This means that wokeness will continue unless a particular group rises against it: Republicans in office. If woke practices are embedded in and authorized by government routines hidden from the public eye, only officials within the government can stop them. It’s a frustrating situation for informed conservatives, who’ve watched victorious Republicans become do-nothings time and again (relative to identity matters) ever since Reagan left office. But we have no other champions, no one else rightly positioned. The left understood the value of bureaucratic capture from the beginning. Better ideas accomplish nothing if they have no platform. Hanania’s book is a tutelage for Republicans who win next November. We shall see if they’ve learned.

Still, once we identify the consequences of a small revision to a federal regulation or, say, the machinations of Russlyn Ali, the author of Dear Colleague letters issued to colleges during the Obama term, an intellectual history of ideas and theories that prepared for that revision and those letters can only help. It is important to know the exact language of executive orders and legislation, along with what it wrought. It is also important to uncover the concepts that produced that language. Where did the idea of microaggressions come from? How did a notion as unpopular as “white fragility” get traction?
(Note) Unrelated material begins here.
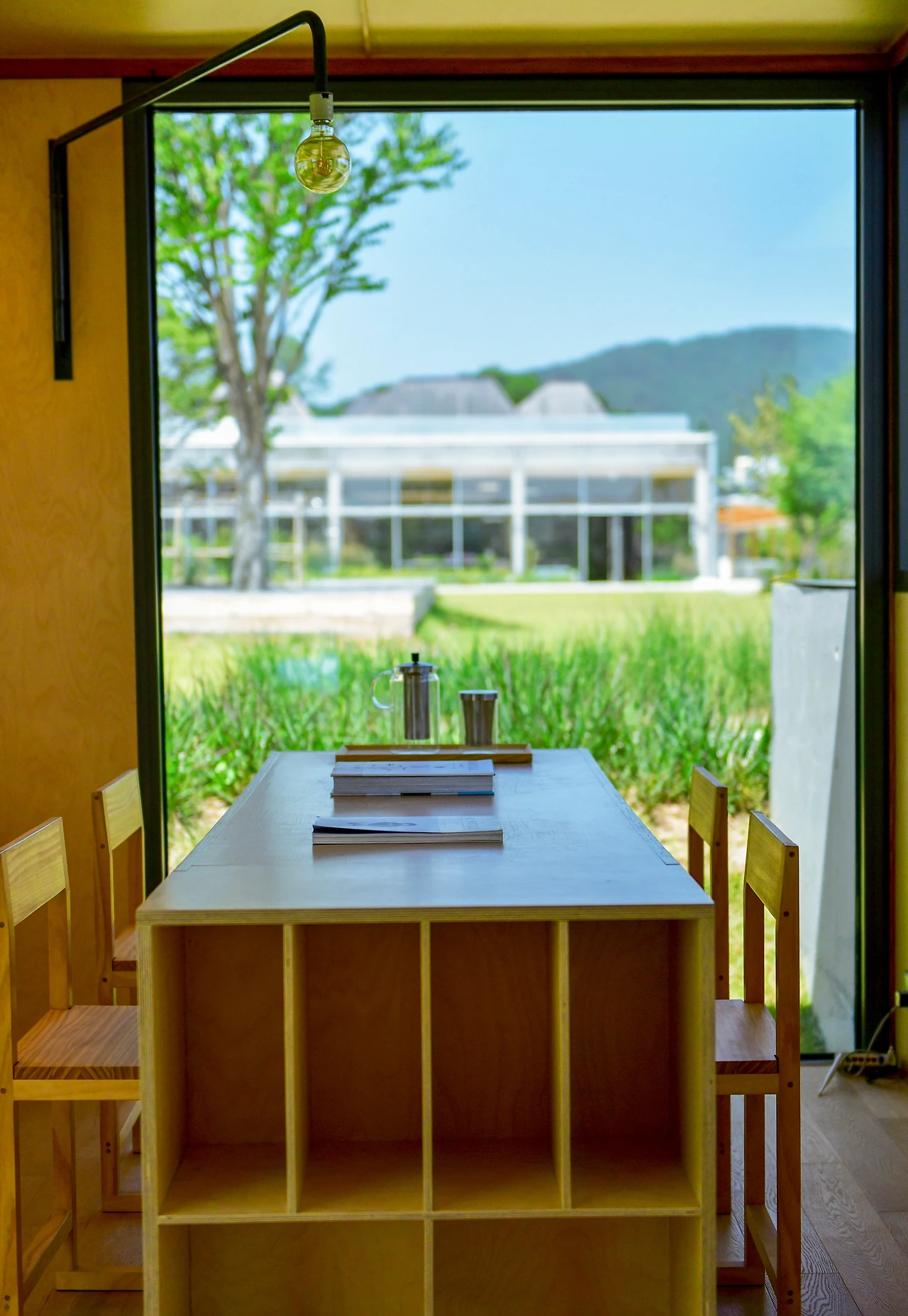 스마트팜 바로 옆 라운지엔 기프트샵과 소바레스토랑이 연결된다. 농사에 필요한 갖가지 농기구와 장바구니가 얼른 집어 들고 싶게 이쁘다. 텃밭을 가꾸고 가족들이 먹을 식재료를 담을 도구들을 보며 작게나마 농사를 짓고 싶은 충동이 인다. 식물이 자라는 것이 인테리어가 되고 창밖 수(水)공간을 내다보며 식사를 할 수 있는 소바공방의 냄새도 잘 어우러진다. 공방 창 너머로는 물을 가득 채워 하늘이 담기고 초록의 나무가 담긴 풍경이 눈앞에 있다. 은은하게 물속에 담긴 자연이 또 다른 힐링을 불러온다.

Answering such questions is the purpose of Christopher Rufo’s recent book, which charts the sweeping identity transformation of our country from the 1960s to the present. Rufo calls the book an “inner history of America’s cultural revolution. It is a genealogy of darkness” (xi), a survey of “the historical development of the modern Left and its ideological foundations” (x). To compile it, Rufo examined not government bureaucracy (as Hanania did), but “hundreds of books, papers, studies, and newspaper articles.” The ideas of Paolo Freire (“Master of Subversion”) are covered, those of Derrick Bell (“Prophet of Racial Pessimism”), Eldridge Cleaver, and the Weathermen, too. If you wish to stop the revolution, you must know its gurus. That’s the premise. Those who are alarmed at the cancellation of people who espouse social conservative beliefs such as a Biblical conception of marriage, Rufo says, should read Herbert Marcuse’s infamous essay on “repressive tolerance.” The noxious conclusion of it is a fitting climax of the Sixties:

Withdrawal of tolerance from regressive movements before they can become active; intolerance even toward thought, opinion, and word, and finally, intolerance in the opposite direction, that is, toward the self-styled conservatives, to the political Right.
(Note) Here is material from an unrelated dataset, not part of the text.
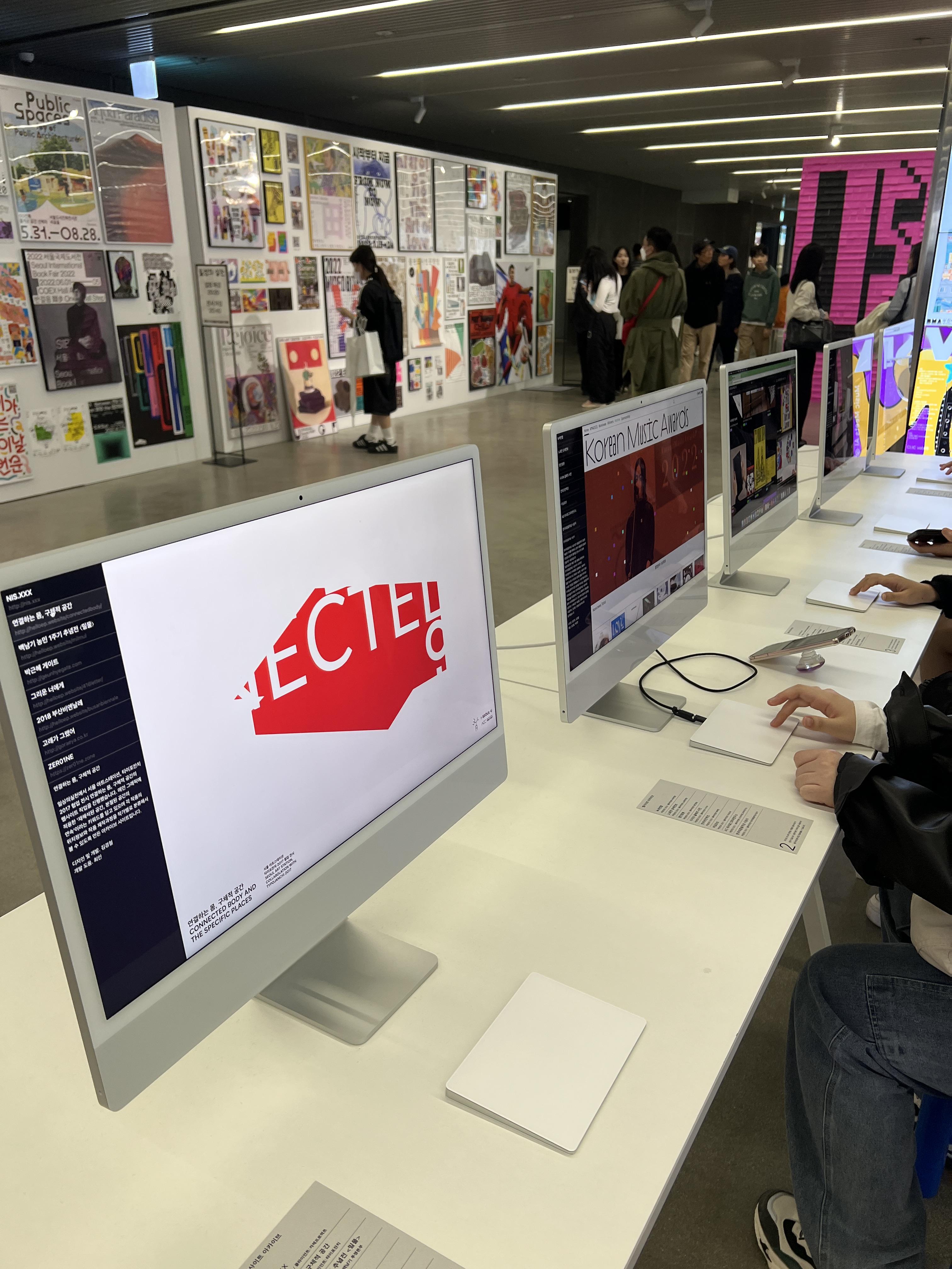 중앙에는 선별된 웹사이트를 볼 수 있는 PC가 5대 놓여져 있다. 5대 별로 볼 수 있는 웹사이트가 다르고 8개씩 큐레이션 되어 있다. 일상의실천 홈페이지에 아카이빙된 포트폴리오와는 별개로 만들어진 사이트처럼 보였다. 인터렉션이 새롭거나 마우스를 움직임에 따라 모션이 크게 보여지는 사이트가 많았다.

That battle plan fits perfectly today’s social justice warriors marching on the president’s office, calling for conservative professors to be fired, and logging into bias reporting systems with glee. Rufo quotes Marcuse on the next step in the plan, which we saw neatly illustrated in summer 2020 with eruptions of violence in more than 200 cities and the rationalization of that tumult by journalists and intellectuals.
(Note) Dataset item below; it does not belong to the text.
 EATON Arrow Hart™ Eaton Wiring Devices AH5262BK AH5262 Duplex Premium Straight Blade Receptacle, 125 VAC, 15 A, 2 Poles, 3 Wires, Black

I believe that there is a “natural right” of resistance for oppressed and overpowered minorities to use extralegal means if the legal ones have proved to be inadequate. If they use violence, they do not start a new chain of violence, but try to break an established one.” (23)

It is tempting, of course, for conservatives to denounce Marcuse and move on. But this is to ignore why the essay proved so electrifying to the radical left (and the sympathizing center-left). In truth, the thirty-page road to that illiberal pronouncement is a rhetorical tour de force, a polemic of deep learning and political savvy. Rufo nicely lays out the battle plan in Marcuse’s essay and in other writings such as An Essay on Liberation. They explain why objecting to cancellation on solid First Amendment grounds, or appealing to Millian liberalism and its appreciation of dissent, is to say nothing that impresses the “cancellers.”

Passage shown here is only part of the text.